**Records provided:**
----------------

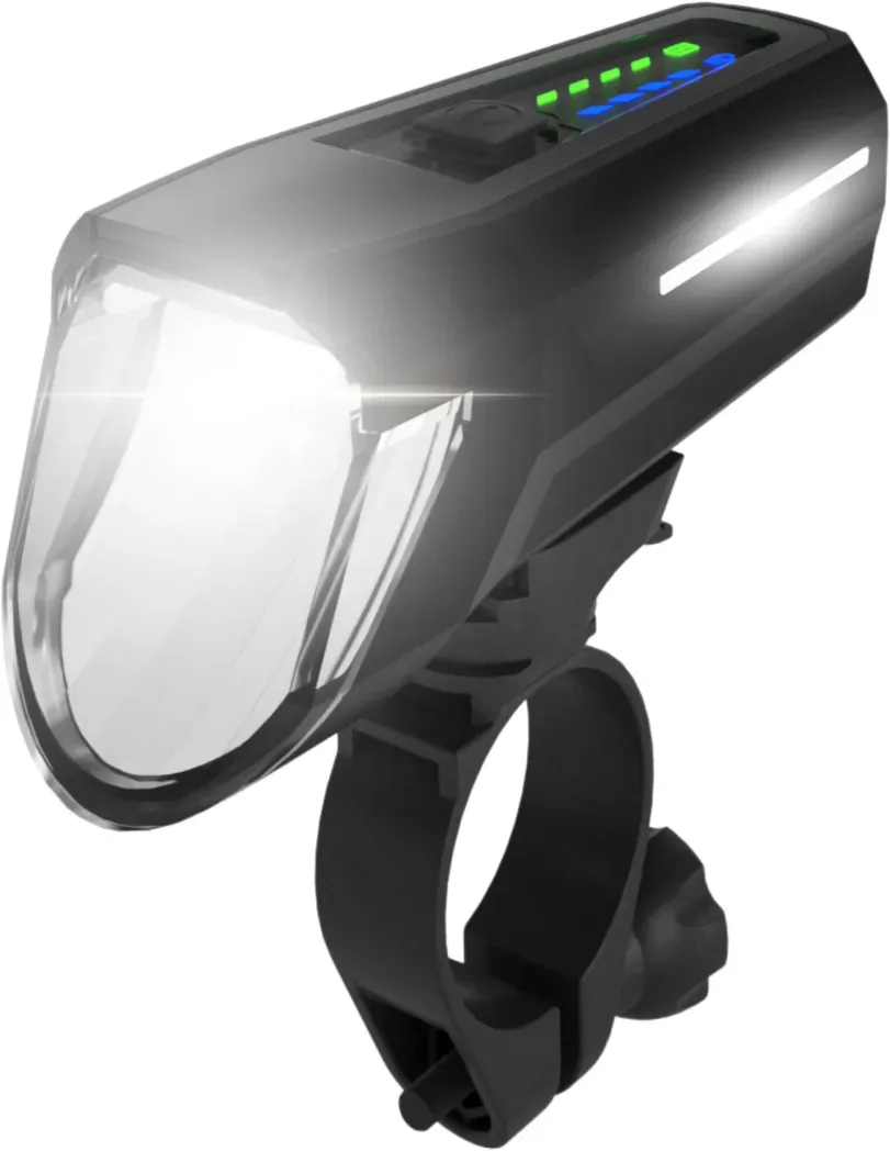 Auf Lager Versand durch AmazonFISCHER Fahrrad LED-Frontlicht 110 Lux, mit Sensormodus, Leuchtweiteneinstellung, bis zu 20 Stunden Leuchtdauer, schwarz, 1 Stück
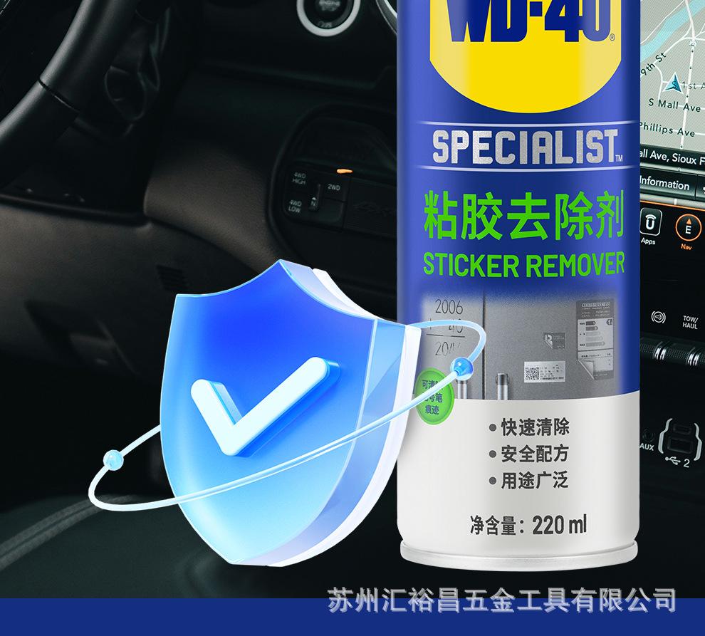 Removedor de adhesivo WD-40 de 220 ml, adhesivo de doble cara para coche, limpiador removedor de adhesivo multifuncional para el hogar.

----------------

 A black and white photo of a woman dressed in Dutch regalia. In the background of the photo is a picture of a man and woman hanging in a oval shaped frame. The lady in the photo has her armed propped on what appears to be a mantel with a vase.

----------------

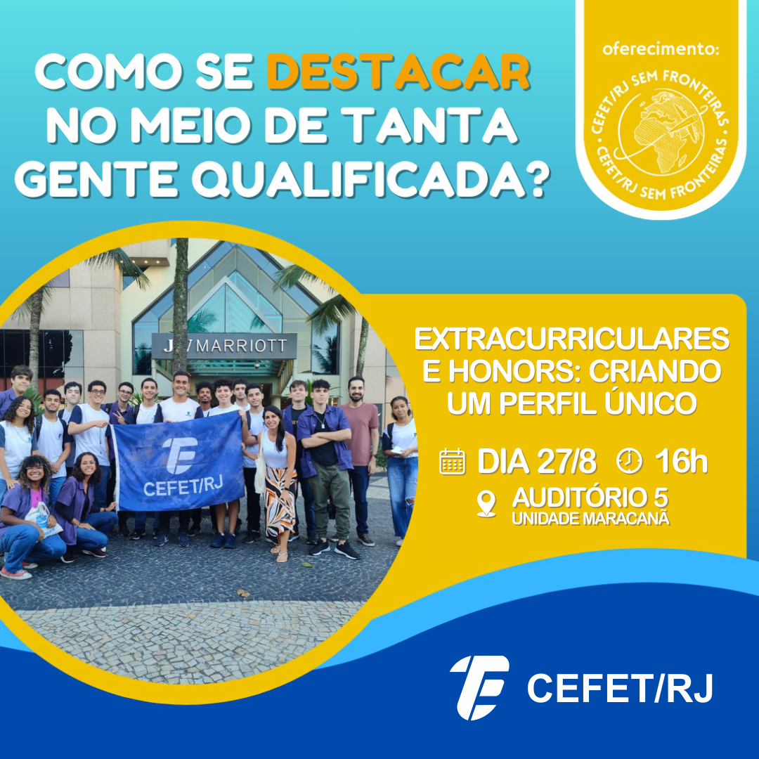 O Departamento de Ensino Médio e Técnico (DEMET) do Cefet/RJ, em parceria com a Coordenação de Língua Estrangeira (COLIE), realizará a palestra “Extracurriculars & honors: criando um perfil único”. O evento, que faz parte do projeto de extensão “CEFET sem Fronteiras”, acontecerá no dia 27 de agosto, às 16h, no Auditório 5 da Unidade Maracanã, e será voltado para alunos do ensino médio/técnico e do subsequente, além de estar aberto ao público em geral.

----------------

**Exercise directions:**
Once the line with "Auf Lager Versand" is found in the data above, reproduce it and each line after it exactly, through the line with "Removedor de adhesivo WD-40". Omit the pictures.

**Task answer:**
 Auf Lager Versand durch AmazonFISCHER Fahrrad LED-Frontlicht 110 Lux, mit Sensormodus, Leuchtweiteneinstellung, bis zu 20 Stunden Leuchtdauer, schwarz, 1 Stück
 Removedor de adhesivo WD-40 de 220 ml, adhesivo de doble cara para coche, limpiador removedor de adhesivo multifuncional para el hogar.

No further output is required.